ReleaseEngineering:Sheriffing:HowTo
Jump to navigation
Jump to search
Return to ReleaseEngineering:Sheriffing
This page serves as a clearinghouse of information on how to perform the various duties associated with buildduty.
Try Server
How do I trigger a talos run for a given try build?
- When someone pings you in #build with their try run dir name (format: $email-$changeset eg: lsblkk@mozilla.org-4asf23fsd251d):
- Either:
- ssh into production-master{01,02,03}
- OR run from your machine tools/buildfarm/maintenance/try_sendchange.py
- on the production-masters, there is a ~/try_sendchange.sh wrapper script which uses argparse in /tools/buildbot-0.8.0/bin/python
Then run:
./try_sendchange.sh $email-$changeset # OR to do custom set of talos suites ./try_sendchange.sh $email-$changeset --t scroll,svg,nochrome # NOTICE no spaces between comma-separated suite names!
- It will spew back to you all the sendchanges it does.
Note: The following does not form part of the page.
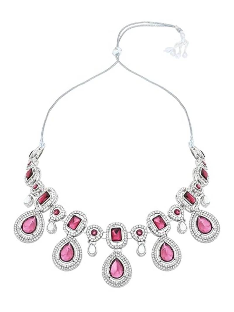 Silver Traditional Kundan & Stone Choker Necklace Jewellery With Earrings & Maang Tikka Set For Women

How do I cancel existing jobs?
on pm02, 'history | grep cancell' for sample usage
To loan slaves
- change cltbld's and root's password (passwd)
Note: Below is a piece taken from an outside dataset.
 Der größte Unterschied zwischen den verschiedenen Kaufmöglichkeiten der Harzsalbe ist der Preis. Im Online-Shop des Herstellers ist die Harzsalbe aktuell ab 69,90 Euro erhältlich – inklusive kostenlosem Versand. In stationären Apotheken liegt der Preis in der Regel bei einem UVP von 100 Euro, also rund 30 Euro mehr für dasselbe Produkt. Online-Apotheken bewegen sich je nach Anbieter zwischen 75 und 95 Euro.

- change vnc's password (Linux: vncpasswd / Windows: UltraVNC server "admin properties" on bottom right task bar / OSX: Control Panel -> Sharing)
- disable buildbot from running after reboot (rename buildbot.tac / rename startTalos.bat for Windows)
- [only for build slaves] remember to remove all .ssh keys
- provide to developer the IP address, cltbld's password and VNC's password
To change autologin
- start -> run -> control userpasswords2
- (on w7, start -> Search programs and files -> netplwiz)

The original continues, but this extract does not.